▶ **DATA SEGMENT**
---*---
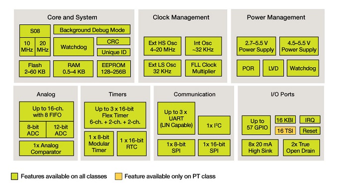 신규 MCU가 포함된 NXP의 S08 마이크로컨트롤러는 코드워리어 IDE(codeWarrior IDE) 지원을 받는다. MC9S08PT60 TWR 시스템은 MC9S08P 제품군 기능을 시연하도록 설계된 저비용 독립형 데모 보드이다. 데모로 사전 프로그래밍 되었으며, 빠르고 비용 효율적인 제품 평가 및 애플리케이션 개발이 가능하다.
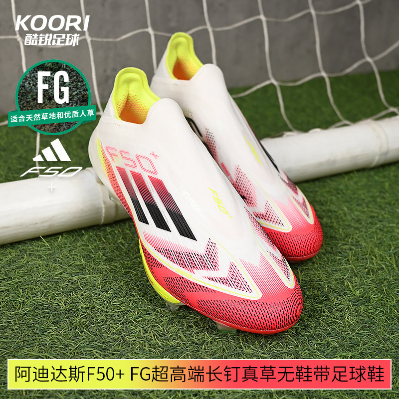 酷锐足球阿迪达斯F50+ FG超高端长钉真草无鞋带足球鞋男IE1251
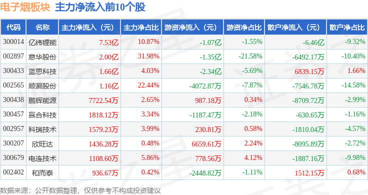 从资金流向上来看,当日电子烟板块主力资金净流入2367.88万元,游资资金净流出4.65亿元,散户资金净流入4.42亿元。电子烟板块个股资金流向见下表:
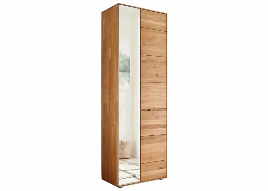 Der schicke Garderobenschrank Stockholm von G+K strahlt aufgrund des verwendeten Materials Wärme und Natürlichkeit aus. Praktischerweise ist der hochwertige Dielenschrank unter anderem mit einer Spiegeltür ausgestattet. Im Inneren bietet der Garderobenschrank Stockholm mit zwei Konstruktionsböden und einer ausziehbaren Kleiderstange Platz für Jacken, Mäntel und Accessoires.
---*---
▶ **WHAT YOU WILL DO**
Output the listing unchanged, pictures excluded.

▶ **EXERCISE ANSWER**
 신규 MCU가 포함된 NXP의 S08 마이크로컨트롤러는 코드워리어 IDE(codeWarrior IDE) 지원을 받는다. MC9S08PT60 TWR 시스템은 MC9S08P 제품군 기능을 시연하도록 설계된 저비용 독립형 데모 보드이다. 데모로 사전 프로그래밍 되었으며, 빠르고 비용 효율적인 제품 평가 및 애플리케이션 개발이 가능하다.
 酷锐足球阿迪达斯F50+ FG超高端长钉真草无鞋带足球鞋男IE1251
 从资金流向上来看,当日电子烟板块主力资金净流入2367.88万元,游资资金净流出4.65亿元,散户资金净流入4.42亿元。电子烟板块个股资金流向见下表:
 Der schicke Garderobenschrank Stockholm von G+K strahlt aufgrund des verwendeten Materials Wärme und Natürlichkeit aus. Praktischerweise ist der hochwertige Dielenschrank unter anderem mit einer Spiegeltür ausgestattet. Im Inneren bietet der Garderobenschrank Stockholm mit zwei Konstruktionsböden und einer ausziehbaren Kleiderstange Platz für Jacken, Mäntel und Accessoires.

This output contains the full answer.